Open stnma7e opened 10 years ago
You should try to replace the use of head with pattern matching.
case words line of
"v" : ws -> ...
"vn" : ws -> ...
"vt" : ws -> ...
_ -> ...
To simplify the case blocks, you can use the maybe monad:
getX, getY, getZ :: a -> Maybe GLFloat
vector = do
x <- getX
y <- getY
z <- getZ
return [ Vec3 x y z ]
Hey. I updated the OBJ parser and simplified it. I took some of your advice, but I had a question on the syntax of this:
case words line of
"v" : ws -> ...
"vn" : ws -> ...
"vt" : ws -> ...
_ -> ...
I used this snippet, however, I don't understand the syntax of '"v" : ws ->'. What is colon operator in this context, and what is ws? I looked on Hoogle, but I didn't find anything, and Google gave me more or less the same.
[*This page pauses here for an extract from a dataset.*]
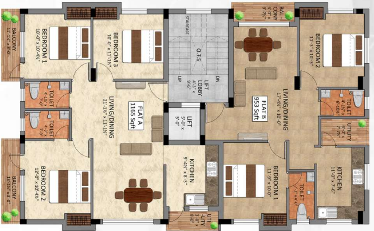
TYPICAL FLOOR PLAN ( 1st & 2rd Floor )
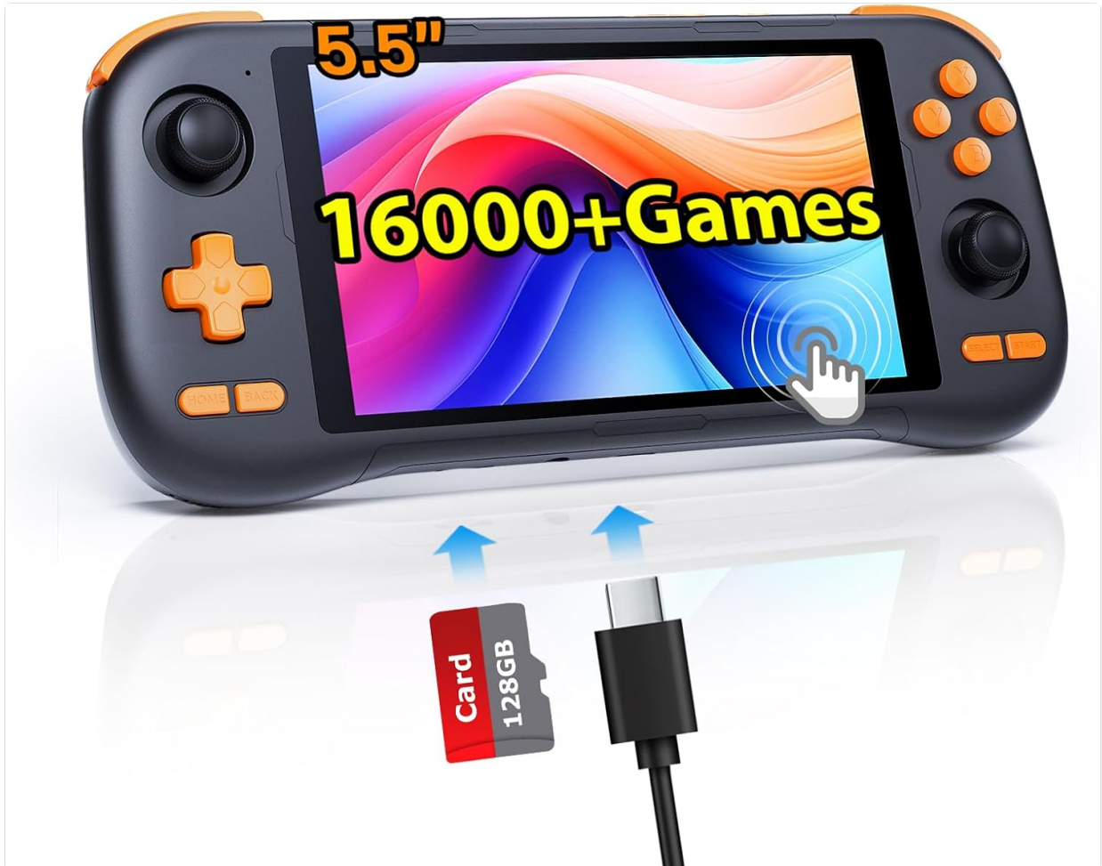
Image: Front view of the Kinhank K56 console.

Familiarize yourself with the layout of your Kinhank K56 console:

If you could give me a write back that'd be awesome.
"v":ws
matches all the lists of strings which begin with the string "v", pointing ws
to the tail of the list.
For example, if you have line = "v 0 1 2"
, words line
yields ["v", "0", "1", "2"]
which will match that pattern because the head of the list is "v"
. In that case, ws
will be ["0", "1", "2"]
.
I am in the process of learning haskell, but I saw this project and looked through the code. It seemed fairly simple, but I saw a lot of things to learn :). I added this OBJ parser based on one I had written in Go for my own project. I had more to add to the parser, but as I read through how it was being used, I just left it at parsing vertices.
Feel free to criticize and change my work, because I'm still learning. For instance, I know the "case of -> case of ->" stack of code could be condensed, but I didn't figure it out.